# My Hard drive makes a clicking sound and is not recognized by BIOS



## Holiday

I have a Western Digital 500GB SATA Hard Drive. It was working fine, then I tried to turn on my computer yesterday and it just kept making a "click" sound about every 5 seconds or so, and BIOS is not recognizing it 

I tried putting it in the freezer over night, then running it, but that didn't fix anything. The disks are spinning.

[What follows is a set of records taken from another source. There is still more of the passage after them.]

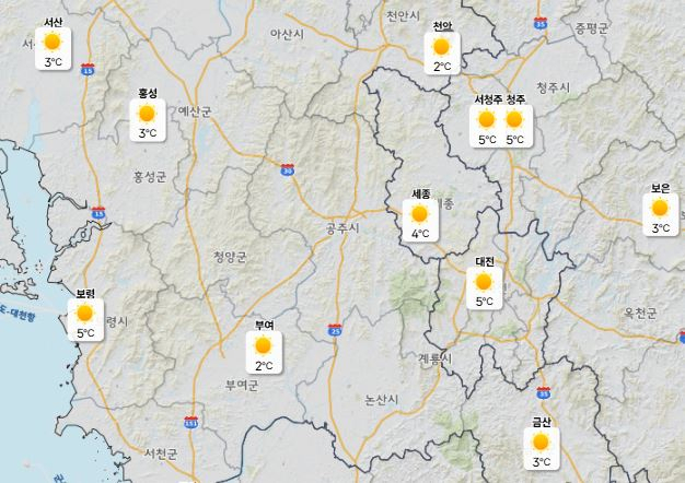 이날 낮 최고기온은 대전·청주 19도, 세종·천안 18도로 예보됐으며 아침 최저기온은 2도까지 내려가며 낮과 밤의 기온차가 크게 나타날 예정이다.
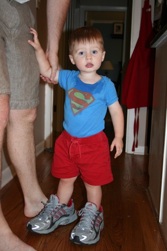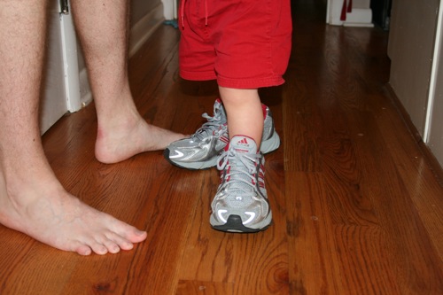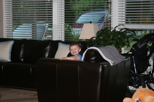 Random Small Saturday Roundup Piggybacking with Gran: New kicks: Full-on-relax mode: Little boy in a big chair:
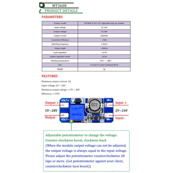 | Product Name: | MT3608 DC-DC boost module 2A boost board |
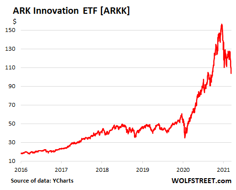 提到科技公司就不得不关注ARK的创新型ETF,它主要追踪“颠覆性的,具有改变世界运作方式的产品或服务”,该基金从2月高点也下跌超30%。
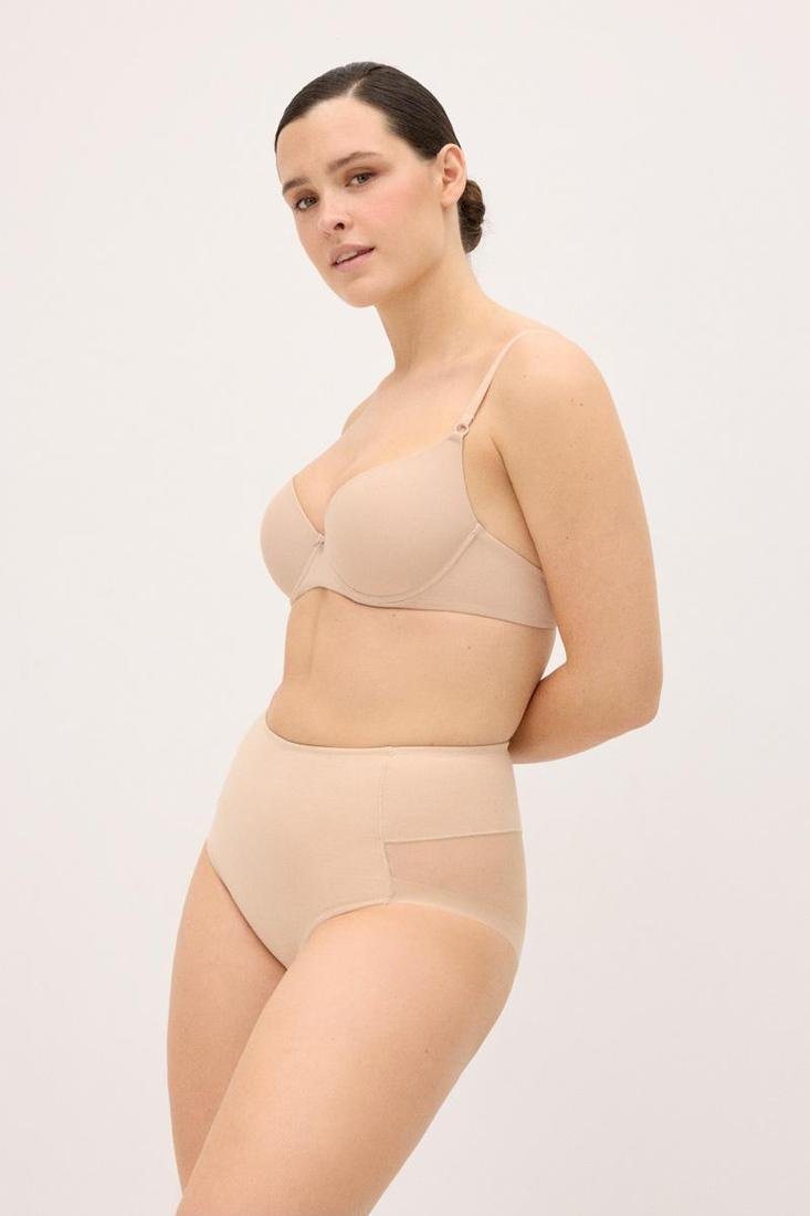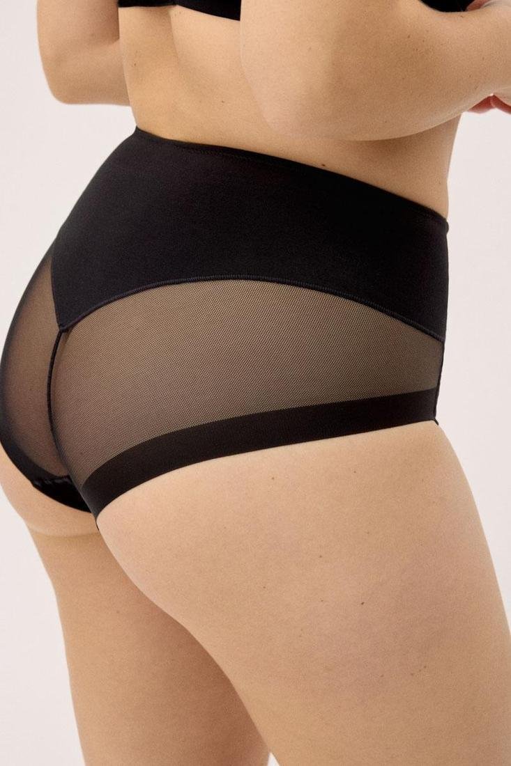 - Calcinha de cintura alta em algodão com acabamento em tule invisível. Proporciona um efeito de compressão abdominal que define levemente a silhueta sem compressão excessiva. Perfeita para o dia a dia ou para quem prefere uma peça modeladora com compressão mais leve.

I want to recover my data, but I am lost. What should I do? And does anyone know exactly what is causing that clicking sound?


----------



## PC eye

Generally when you hear clicking sounds and a drive isn't listed in the post screen that spells "toast"! The clicking is may simply be a loud drive like seen in the video... http://www.youtube.com/watch?v=9eMWG3fwiEU or now being heard spells the worst where a data recovery service would be needed if the drive's heads/actuator are spent.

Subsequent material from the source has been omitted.